Через некоторое время золото закончилось. И однажды дедушка исчез. Вскоре мама обнаружила записку, в которой 72-летний Аркадий Моисеевич сообщал о своем уходе: чтобы не мешать нам спасаться, он решил отправиться куда-нибудь подальше, где никто не помешает ему принять яд. У него были больные ноги, он, бедный, не хотел быть обузой. В записке дедушка указал адрес своей знакомой Акулины Сукало, жившей на территории Киево-Печерской лавры. Больше дедушку мы не видели.

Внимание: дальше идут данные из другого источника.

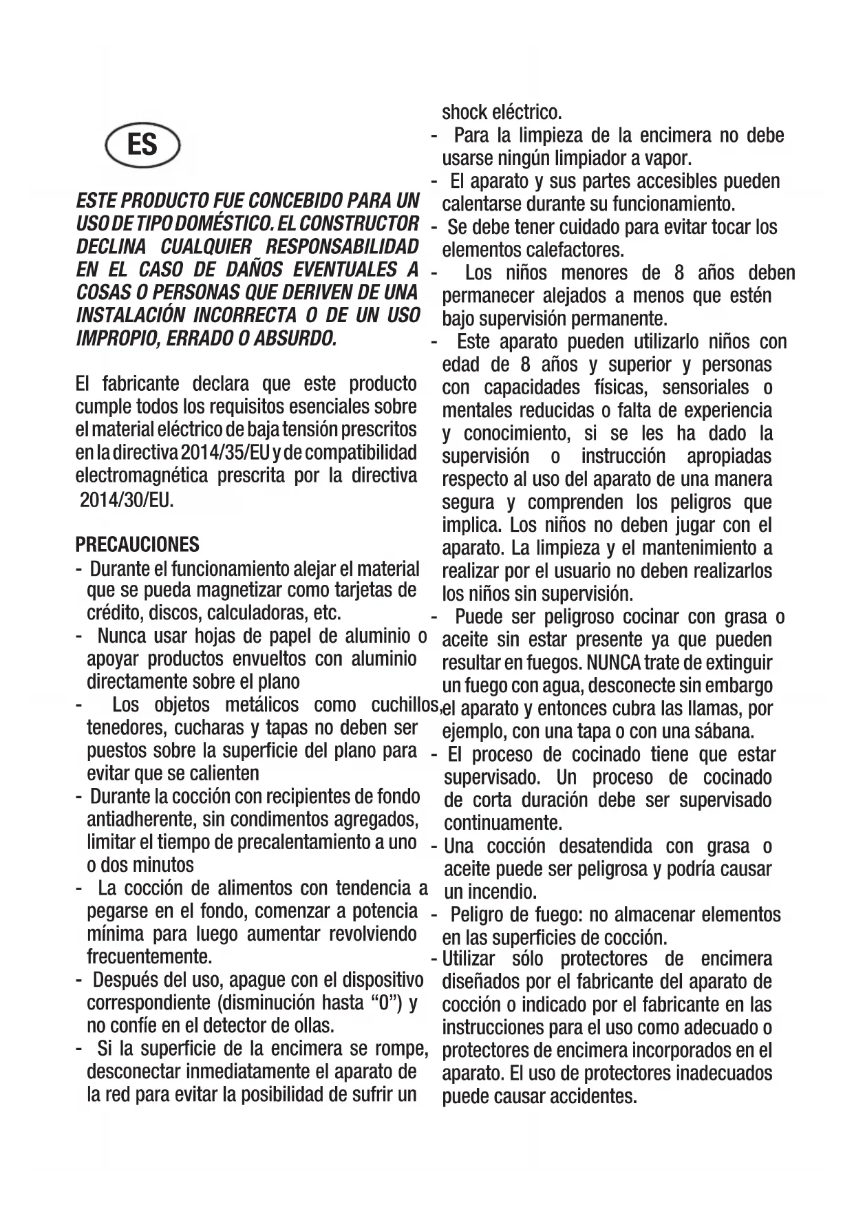 EN EL CASO DE DAÑOS EVENTUALES A COSAS O PERSONAS QUE DERIVEN DE UNA INSTALACIÓN INCORRECTA O DE UN USO IMPROPIO, ERRADO O ABSURDO. El fabricante declara que este producto cumple todos los requisitos esenciales sobre el material eléctrico de baja tensión prescritos en la directiva 2014/35/EU y de compatibilidad electromagnética prescrita por la directiva 2014/30/EU. PRECAUCIONES - Durante el funcionamiento alejar el material que se pueda magnetizar como tarjetas de crédito, discos, calculadoras, etc. - Nunca usar hojas de papel de aluminio o apoyar productos envueltos con aluminio directamente sobre el plano - Los objetos metálicos como cuchillos, tenedores, cucharas y tapas no deben ser puestos sobre la superficie del plano para evitar que se calienten - Durante la cocción con recipientes de fondo antiadherente, sin condimentos agregados, limitar el tiempo de precalentamiento a uno o dos minutos - La cocción de alimentos con tendencia a pegarse en el fondo, comenzar a potencia mínima para luego aumentar revolviendo frecuentemente. - Después del uso, apague con el dispositivo correspondiente (disminución hasta “0”) y no confíe en el detector de ollas. - Si la superficie de la encimera se rompe, desconectar inmediatamente el aparato de la red para evitar la posibilidad de sufrir un shock eléctrico. - Para la limpieza de la encimera no debe usarse ningún limpiador a vapor. - El aparato y sus partes accesibles pueden calentarse durante su funcionamiento. - Se debe tener cuidado para evitar tocar los elementos calefactores. - Los niños menores de 8 años deben permanecer alejados a menos que estén bajo supervisión permanente. - Este aparato pueden utilizarlo niños con edad de 8 años y superior y personas con capacidades físicas, sensoriales o mentales reducidas o falta de experiencia y conocimiento, si se les ha dado la supervisión o instrucción apropiadas respecto al uso del aparato de una manera segura y comprenden los peligros que implica. Los niños no deben jugar con el aparato. La limpieza y el mantenimiento a realizar por el usuario no deben realizarlos los niños sin supervisión. - Puede ser peligroso cocinar con grasa o aceite sin estar presente ya que pueden resultar en fuegos. NUNCA trate de extinguir un fuego con agua, desconecte sin embargo el aparato y entonces cubra las llamas, por ejemplo, con una tapa o con una sábana. - El proceso de cocinado tiene que estar supervisado. Un proceso de cocinado de corta duración debe ser supervisado continuamente. - Una cocción desatendida con grasa o aceite puede ser peligrosa y podría causar un incendio. - Peligro de fuego: no almacenar elementos en las superficies de cocción. - Utilizar sólo protectores de encimera diseñados por el fabricante del aparato de cocción o indicado por el fabricante en las instrucciones para el uso como adecuado o protectores de encimera incorporados en el aparato. El uso de protectores inadecuados puede causar accidentes. ESInstale en el cableado fijo un medio de desconexión de la red eléctrica con una separación de contacto en todos los polos que permita una desconexión completa en condiciones de sobretensión de categoría III, de acuerdo con la normativa de cableado. El enchufe o el interruptor omnipolar tienen que ser fácilmente alcanzables con el aparato instalado. Este aparato no está previsto para hacerlo funcionar por medio de un temporizador externo o sistema de control remoto separado. El constructor declina cualquier responsa

Прятались отдельно: тетя Берта — у своей бывшей сослуживицы Аллы Косминской. Мы с мамой — у Акулины Сукало. У нее был слепой муж Роман и две девочки. Акулина работала на фабрике галантереи — нанизывала бусы. Пробыли мы у них три-четыре дня. Потом дядя Роман заявил, чтобы мы убирались, иначе он нас выдаст. От них мы перешли к соседке, с которой договорилась Акулина. Сидели безвылазно и бесшумно. Дважды заходил полицай. Во время его визитов мы с мамой забирались под кровать. Слава Богу, он туда не заглядывал.

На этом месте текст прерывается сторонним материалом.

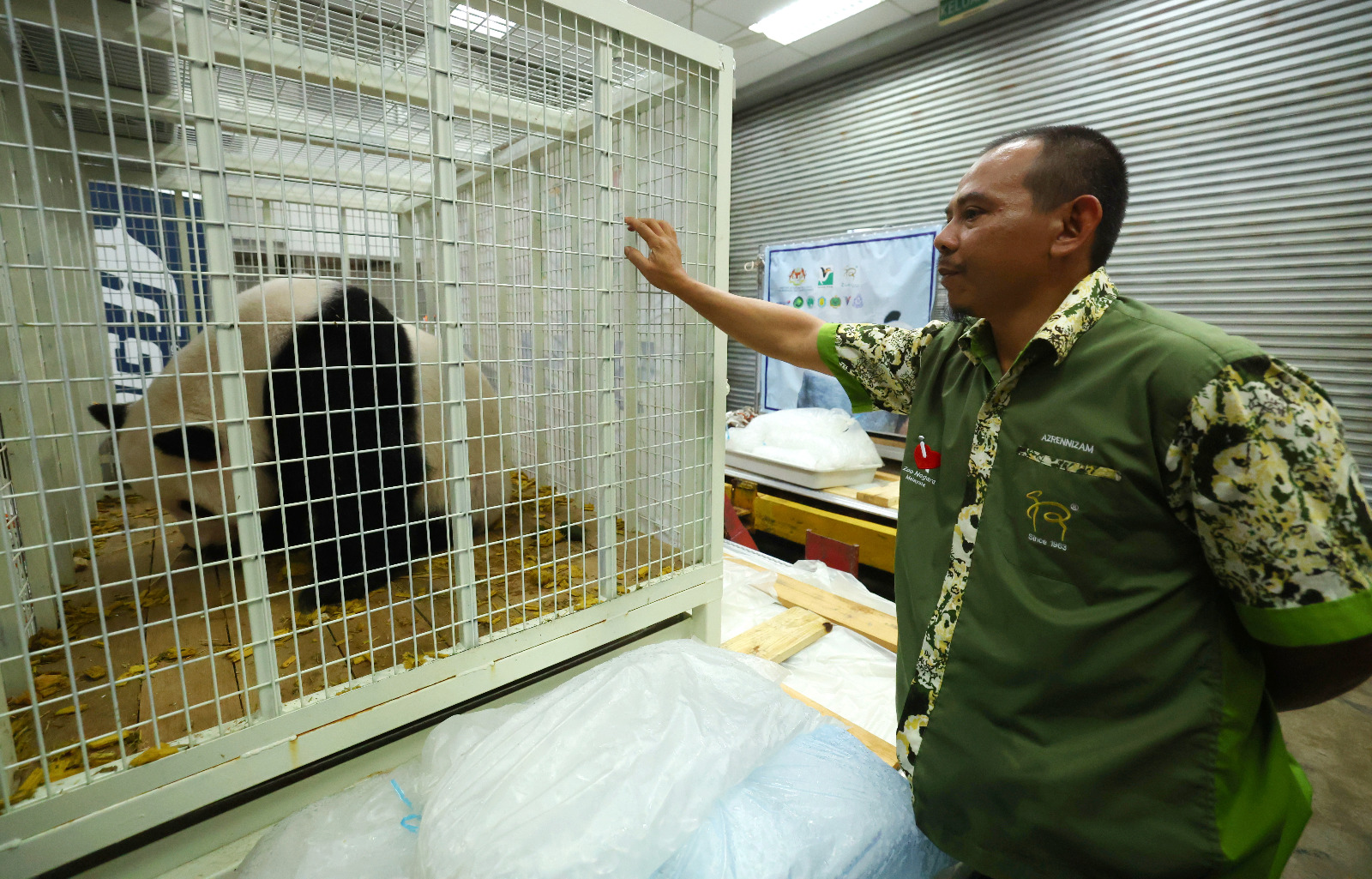 在吉隆坡国际机场货运中心卸下2只熊猫的过程中,46岁阿兹伦尼占不时呼唤谊谊和升谊,轻拍笼子安抚它们的情绪,确保熊猫保持镇静。

*Фашистский солдат-мародер роется в вещах расстрелянных в Бабьем Яру людей. Свой Бабий Яр был чуть ли не во всех городах и селах, переживших оккупацию

-Однажды мы сидели у плотно занавешенного окна. Мама, отодвинув занавеску, выглянула на улицу. А там, напротив окна, играли дочери слепого. И вдруг одна из них как заорет: «Кукареку, кукареку! Пошла курочка в аптеку. Курочка больная! Тетя Рая, тетя Рая!..» Через минуту в дом зашел слепой: «Если вы не уберетесь немедленно, я буду вынужден выдать вас властям!..» Пришлось уйти. Мама была в таком состоянии, что сама была готова сдаться полиции. Да меня пожалела. Впрочем, в душе я была даже рада, что мы покинули этот дом. Хозяйка — старая дева, горбунья, была очень злая. Однажды ударила меня за какую-то шалость. Мама вынуждена была стерпеть. Я и сейчас вспоминаю об этом всем с содроганием.

После ухода от горбуньи нам надо было пройти из одного конца Киева в другой, в район Куреневки. Там скрывалась тетя Берта. Мы долго шли какими- то окраинами, стараясь придерживаться самых глухих мест. Одну ночь просидели на скамейке в темном скверике. Уже была осень, ночи стояли очень холодные. На следующий день шли под проливным дождем. Промокли до нитки. У нас не было денег, чтобы купить хоть какую-нибудь еду. Да и где купить? Я нашла на дороге луковицу и сгрызла.

Когда зашли к какой-то женщине напиться воды, она положила нам в бумажный кулек перловой каши. Мы с мамой шли по дороге, брали руками ту кашу из кулька и ели. Наконец нашли тетю Берту. Ее знакомая Олеся Качалова организовала тете и маме за солидное вознаграждение фальшивые документы — то ли паспорта, то ли справки, в которых одна значилась грузинкой, другая — русской. Затем несколько дней теснились у тетиной подруги Аллы Косминской. Какой это был верный человек! Мы и после войны с ней дружили, до самой ее смерти.

Мама вскоре отыскала мою бабушку по папиной линии, которая отвела меня в церковь и окрестила. Мне так понравилось в церкви! Я обежала ее всю, расцеловала все, что там видела, чем привела в восторг батюшку. После этого мы пешком ушли из Киева в поисках села поотдаленнее и поглуше. Путь был долгим. Но Бог хранил нас от встреч с немцами, полицаями и недобрыми людьми.

«Тетя Берта называла себя Варей»

 — Обосновались мы в селе Матвеиха Володарского района Киевской области, — завершает рассказ Лидия Константиновна. — Туда немцы не забредали. Был только полицай Роман, из местных. Мама и тетя работали наравне с сельскими жителями. Мама хорошо рисовала и вышивала. Наверное, в каждой хате остались сделанные ею икона или рушник-»угольник». Маму и тетю все люди очень любили. Меня, пожалуй, тоже. Одна из сельских девочек, Ганька, хотела научить меня попрошайничать. Но я с четырех лет умела читать. Ходила по домам и читала людям Библию. Все говорили: «У цієї дiвчинки голова не для вошей!»

В Матвеихе всю правду о нас знал только один человек — председатель колхоза Иван Трифонович. Все думали, что мама и тетя Берта просто подруги, не сестры. Тетя Берта называла себя Варей.

Однажды меня избила дочь полицая Романа. Но, когда после прихода наших его повесили, я ее жестоко избила. Не умела прощать зло. Это тоже комплекс, приобретенный в войну. А сейчас мне всех жалко. Кто знает, жива ли теперь эта девочка?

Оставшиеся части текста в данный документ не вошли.